The evening of December 5 saw novelist and musician Amit Chaudhuri pay a musical tribute to Rammohan Roy on the occasion of his 250th birth anniversary. Chaudhuri presented and discussed the result of his experimentation with khayal and raga — a new raga called Rammohan.
Chaudhuri’s musical experiments were described in his book Finding the Raga (winner of the 2022 James Tait Black Prize). The book saw Chaudhuri explore khayal and how, in contrast to the Western idea of harmony, the raga approaches a simultaneity of notes and their interrelationships.

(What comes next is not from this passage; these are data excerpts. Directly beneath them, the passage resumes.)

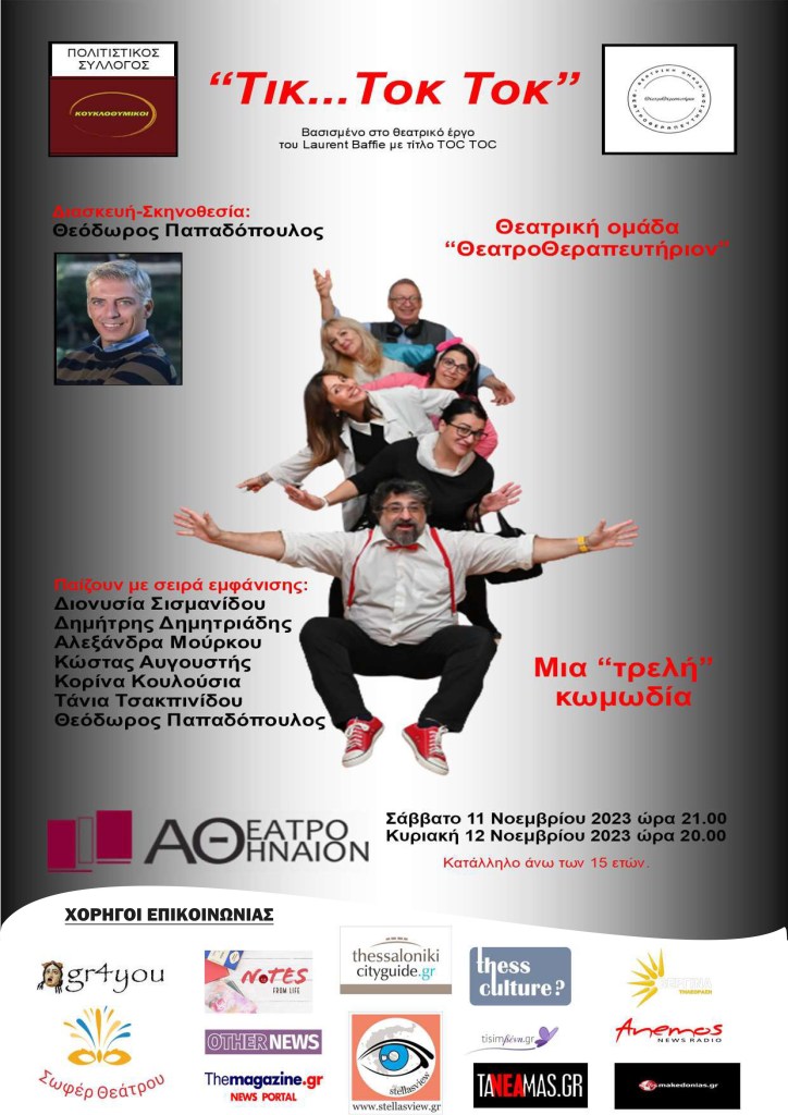 Η θεατρική ομάδα“Θεατροθεραπευτήριον” του πολιτιστικού συλλόγου “Κουκλοθυμικοί” παρουσιάζει την υπέροχη κωμωδία “Τικ…Τοκ Τοκ”βασισμένη στο έργο του Γάλλου συγγραφέα Laurent Βaffie, σε διασκευή και σκηνοθεσία Θεόδωρου Παπαδόπουλου.
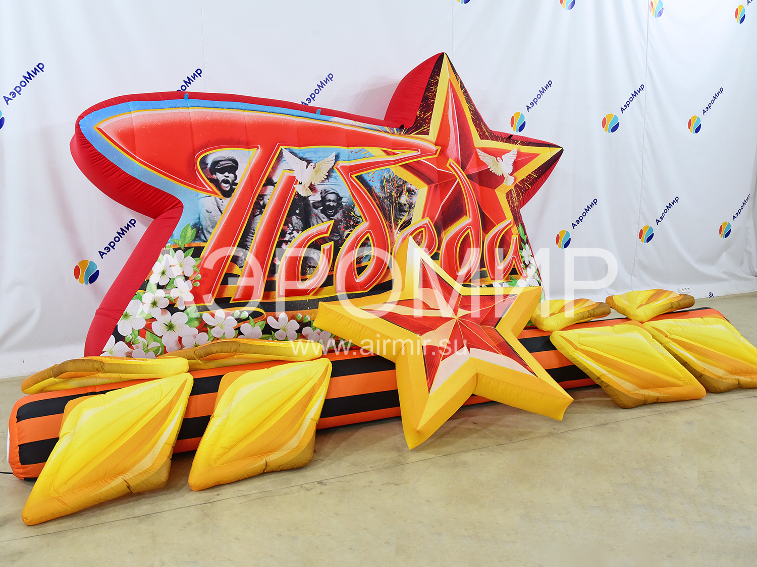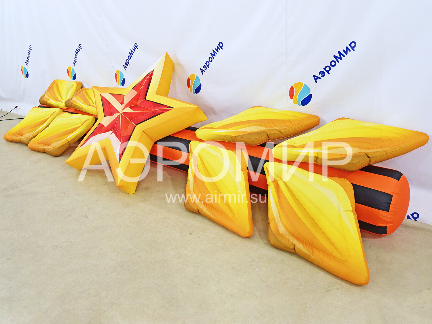 Пневмогирлянда Звезда с колосьями - прекрасное дополнение к оформлению празднования Дня Победы. Поможет оформить сцену, входную группу мероприятия, станет элементом фотозоны. Высокая степень детализации и проработки образа делает гирлянду особенно торжественной.
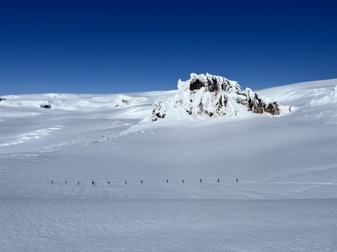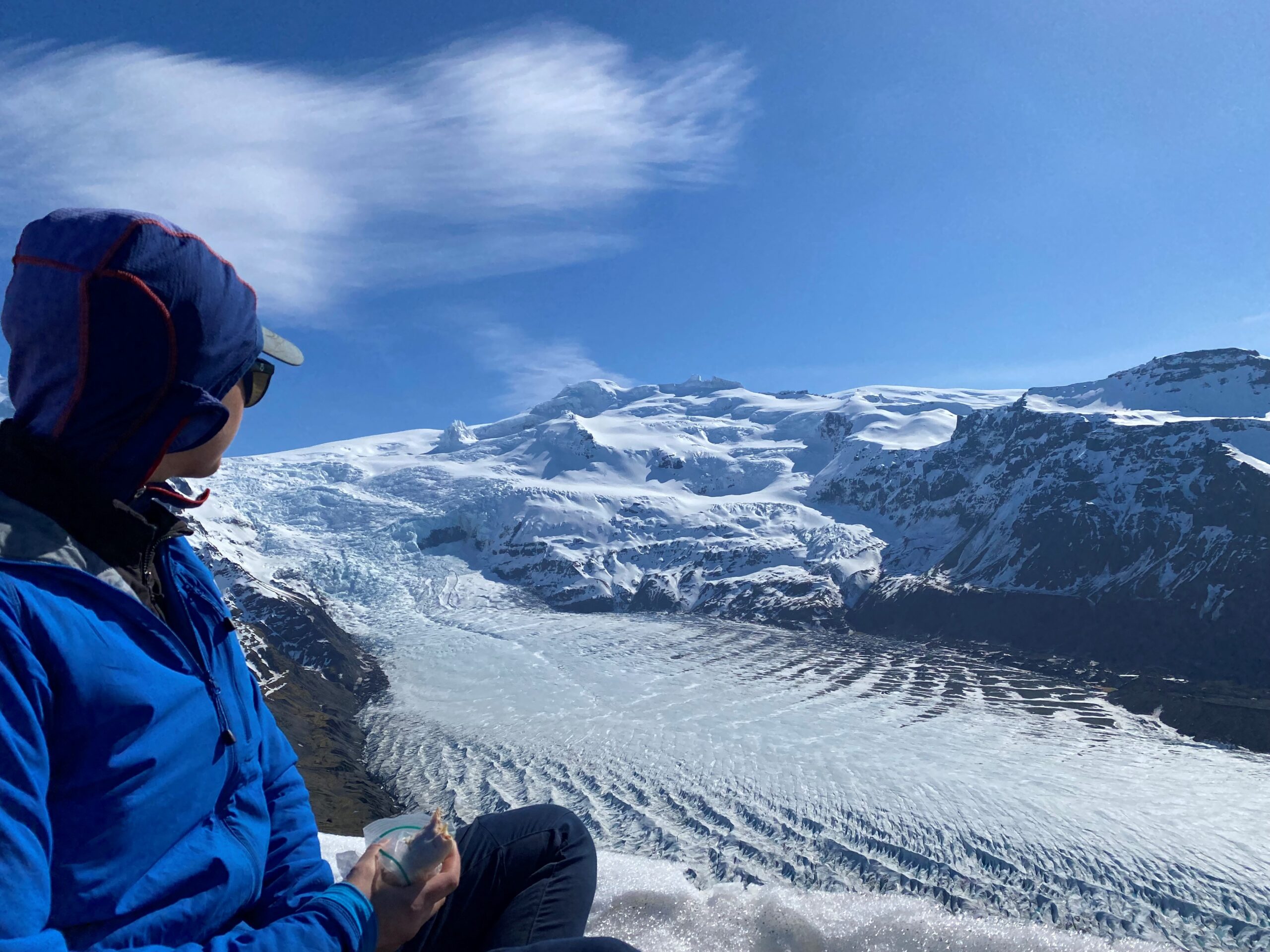Síðasta daginn gekk hópurinn niður Virkisjökulsleiðina í mikilli sól og hita. Við vorum ánægð að komast til byggða eftir fjóra langa en góða daga á jöklinum. Heilt yfir var ferðin ógleymanleg og heilmikið ævintýri sem bæði reyndi á líkamlegt og andlegt þol. Hópurinn stóð sig með stakri prýði og styrktist enn meira og þéttist við þessa áskorun.

Taking these thoughts further, Chaudhuri’s subsequent projects — a composition of a new raga based on the Western classical tune, O Sole Mio, emerged from his belief that rather than melodies being based on ragas, ragas are investigations into melodies, slowing them down to reflect on and creatively explore their structures and forms.

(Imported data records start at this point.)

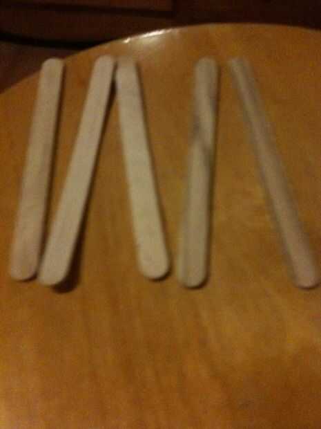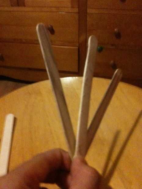 Se necesita 5 palos por esto. Haz 3 palos y extienda para que se peguen detrás empuja a la izquierda, los pokes de medio palo a la derecha y el palillo superior se queda estrecho para arriba. Este es un paso assential.
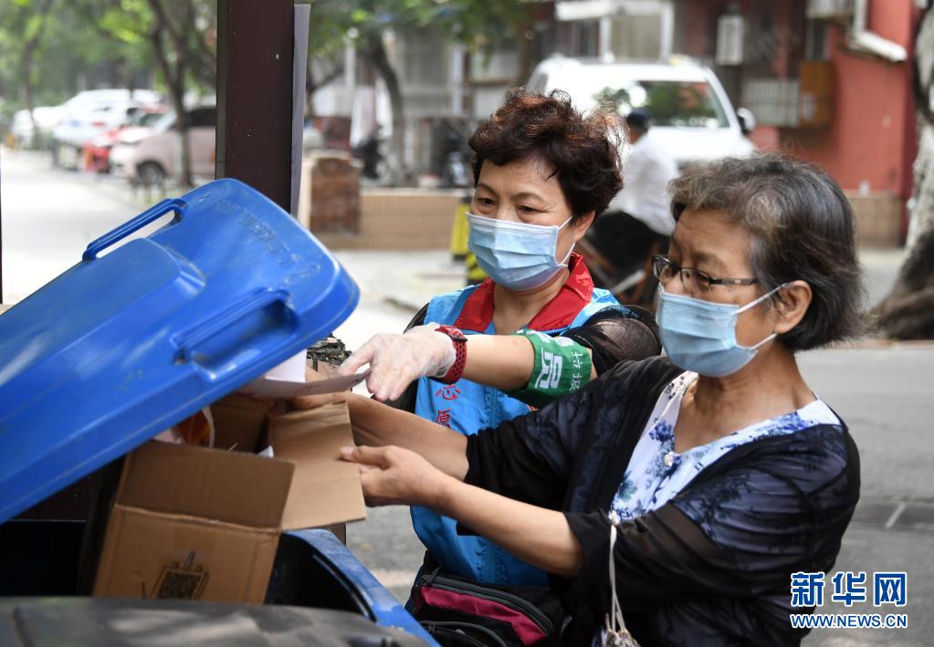 在北京市海淀區(qū)薊門里社區(qū),董星梅(左)指導(dǎo)社區(qū)居民進(jìn)行垃圾分類投放(8月11日攝)。
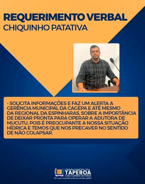 A Câmara Municipal de Taperoá dentro da sua normalidade administrativa e legislativa, convoca a todos…
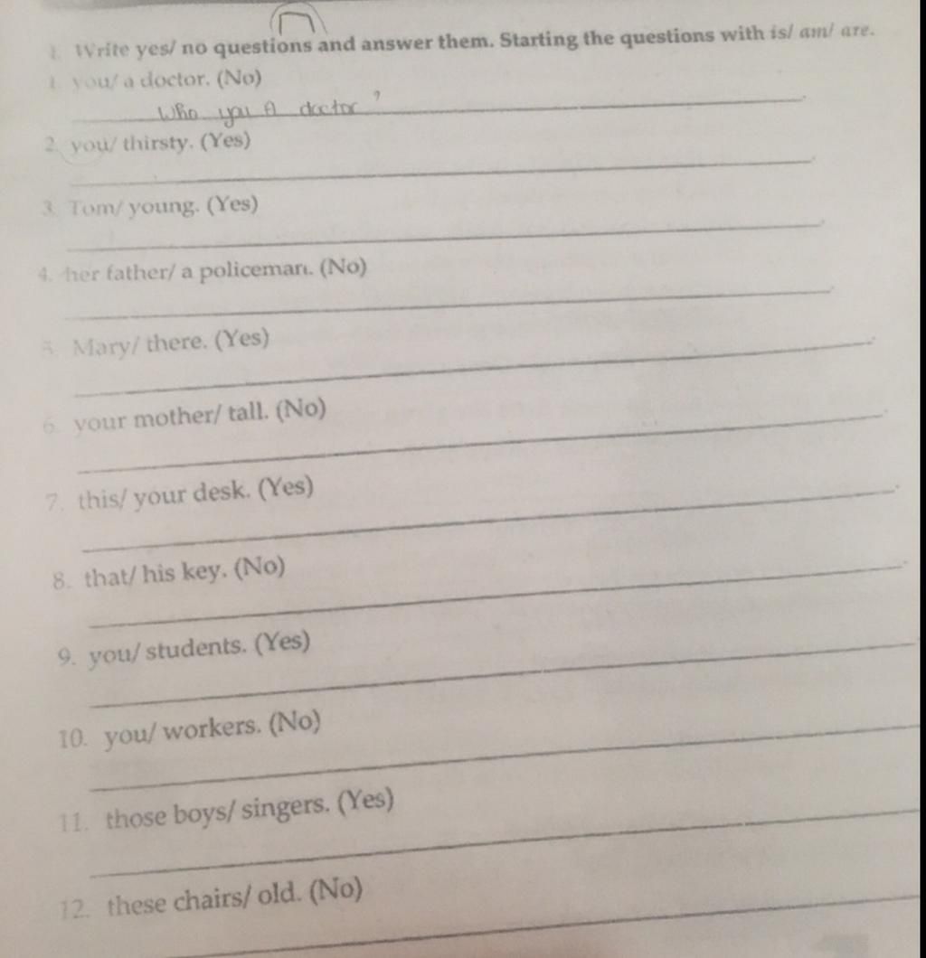 1. Write yes/ no questions and answer them. Starting the questions with is/ am/ are.
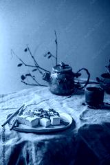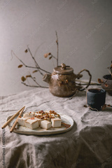 Silk tofu japanese soy cheese sliced cubes with chili ginger, chive and soy sauce topping on ceramic plate with chopsticks, ceramic teapot and cups on grey linen table cloth. Asian dinner.

Chaudhuri said the new way of thinking what the raga represents adds to the idea of how progression might happen beyond the linear movement of the musical scale. Earlier this year, he performed a raga and khayal compositions arising from O Sole Mio at the Holywell Music Room, Oxford, and at Smith College, Massachusetts.
Raga Rammohan, Chaudhuri said, emerges from a similar line of thinking and openness to experiment. Taking his cue from Ravi Shankar's creation of Mohankauns in response to Mahatma Gandhi's passing away, where the sitar maestro decided to incorporate the notes ga ni dha to invoke Gandhi, Chaudhuri combined Ramkeli and Mohankauns (Ram from Ramkeli and Mohan from Mohankauns) to create raga Rammohan.
The programme was organised jointly by the Kolkata Society for Rammohan Roy Reappraisal at 250 and Navras School of Performing Arts and was a part of the ongoing 250th birth anniversary celebrations of Raja Rammohan Roy being conducted by the society, which aims at bringing out the many facets of Rammohan both in the intellectual and musical scene.